* **WORK TO BE COMPLETED**: Nothing after the line with "满背龙传统彩色纹身图案" belongs in the copy; extract the lines below from the top through that line, pictures left out.

* **GIVEN RECORDS**:
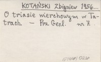 KOTAŃSKI Zbigniew 1956... O triasie wierchowym w Tatrach.
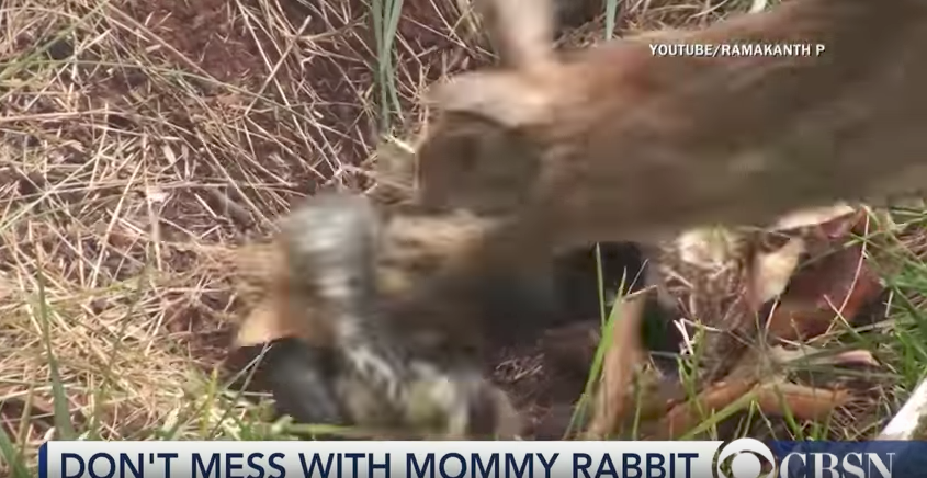 The mother rabbit continues to battle, even biting the snake at one point. Then the snake turns its attention to mama, which rattles her for a second.
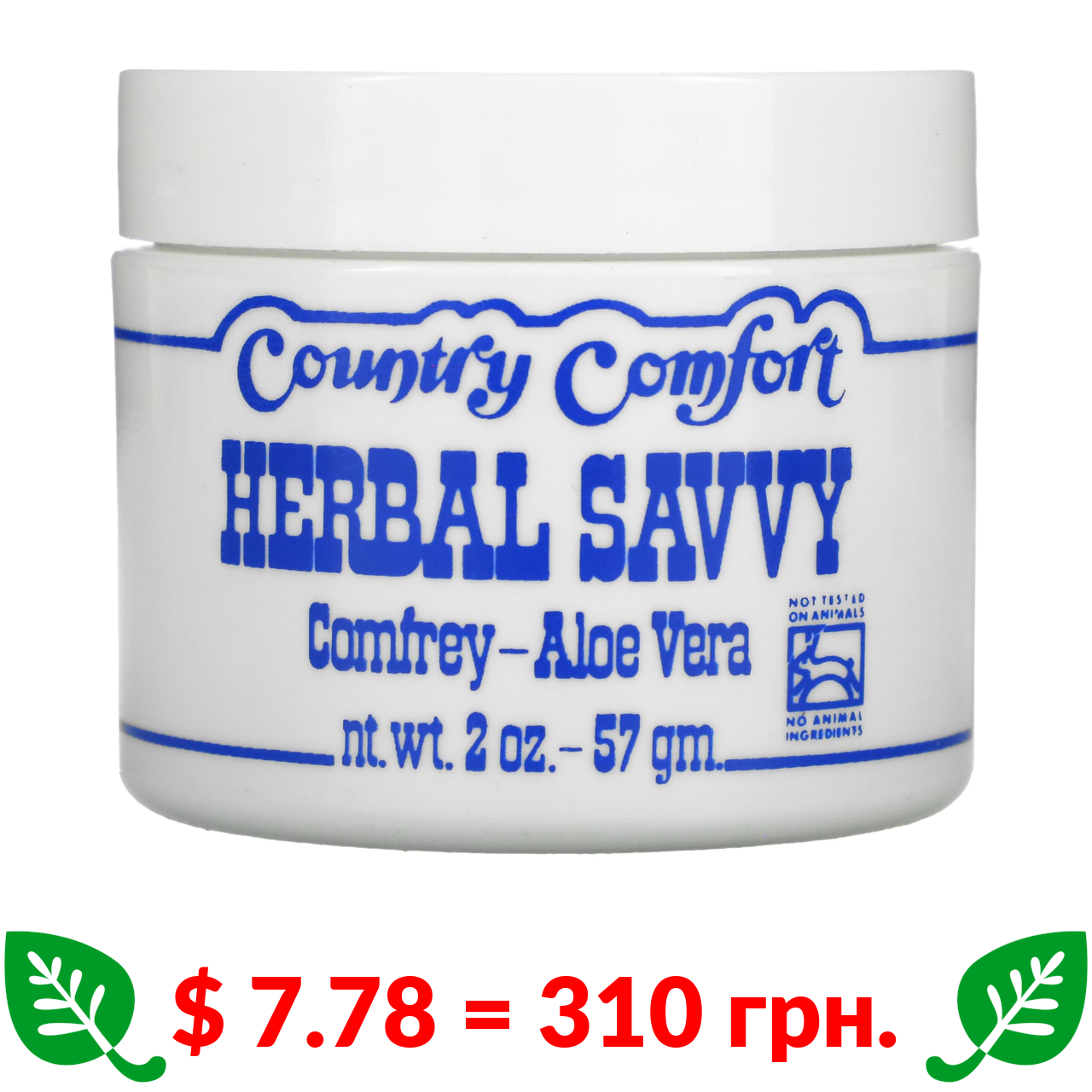 $ 7.78 = 310 грн. Country Comfort, Herbal Savvy, Comfrey-Aloe Vera, 2 oz (57 g)
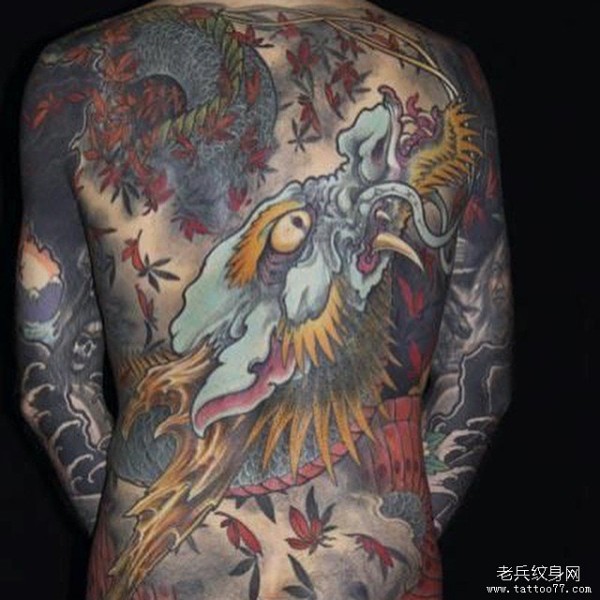 满背龙传统彩色纹身图案
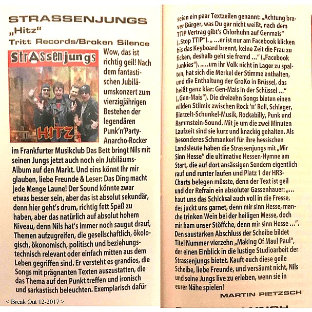 Review zur HITZ-CD im BreakOut-Magazin 12-2017

* **FINISHED EXERCISE**:
 KOTAŃSKI Zbigniew 1956... O triasie wierchowym w Tatrach.
 The mother rabbit continues to battle, even biting the snake at one point. Then the snake turns its attention to mama, which rattles her for a second.
 $ 7.78 = 310 грн. Country Comfort, Herbal Savvy, Comfrey-Aloe Vera, 2 oz (57 g)
 满背龙传统彩色纹身图案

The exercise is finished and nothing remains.